So the summary is "JPEG encoder written in assembly with NEON instructions saves images faster than Apple's encoder."
That's a cool feat and is a little damning for Accelerate.framework, although the way techcrunch writes it I expected a new kind of fast cosine transform.
Don't forget that SnappyCam pumps both CPU cores when available.
The actual DCT algorithm created and used in the app is different to the typical AAN (Arai, Agui, Nakajima) DCT algorithm that's used in JPEG codecs, at least all the ones I've seen.
It's all about doing as little work as possible to achieve the end result. That's why there's so much asm implementation, with carefully chosen NEON instructions for each step.
Think of it as a cross-layer optimization between algorithm and implementation... done by hand. :-)
Really interested in the nuts and bolts - are you optimizing specifically for one quality setting (in which case I'm guessing you could probably do the quantization as part of the dct and throw away some calculations)?
I played with a realtime jpeg compression implementation back in college on transputers (yes I'm that old).

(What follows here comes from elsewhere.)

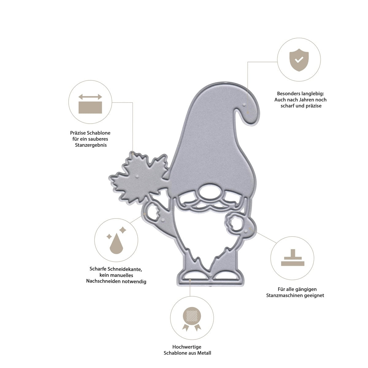 Unsere Stanzschablonen sind grundsätzlich mit allen Stanzmaschinen kompatibel, wenn sie hineinpassen. Für die Stanzschablone Weihnachtswichtel mit Mütze gilt:
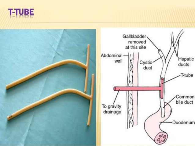T tube is a tube shaped like a T, the top of which is placed within a tubular structure such as the common bile duct and the stem placed through the skin; used for decompression.

Fun stuff, nice to see there are still places where going right down to the metal can make a real impact on a product...
While SnappyCam has been the most difficult, complex, piece of software I've written since I started coding in my early teens, it's also been one of the most satisfying technically.
I'd love to disclose the many, many optimizations baked in, but as this is a commercial app I must keep much of it as a trade secret.
I will say though that a lot of precomputation was involved, both for the encoder and decoder. Jumped at the chance to avoid computation, memory reads, etc., as much as possible. :-)
That's a cool feat and is a little damning for Accelerate.framework, although the way techcrunch writes it I expected a new kind of fast cosine transform.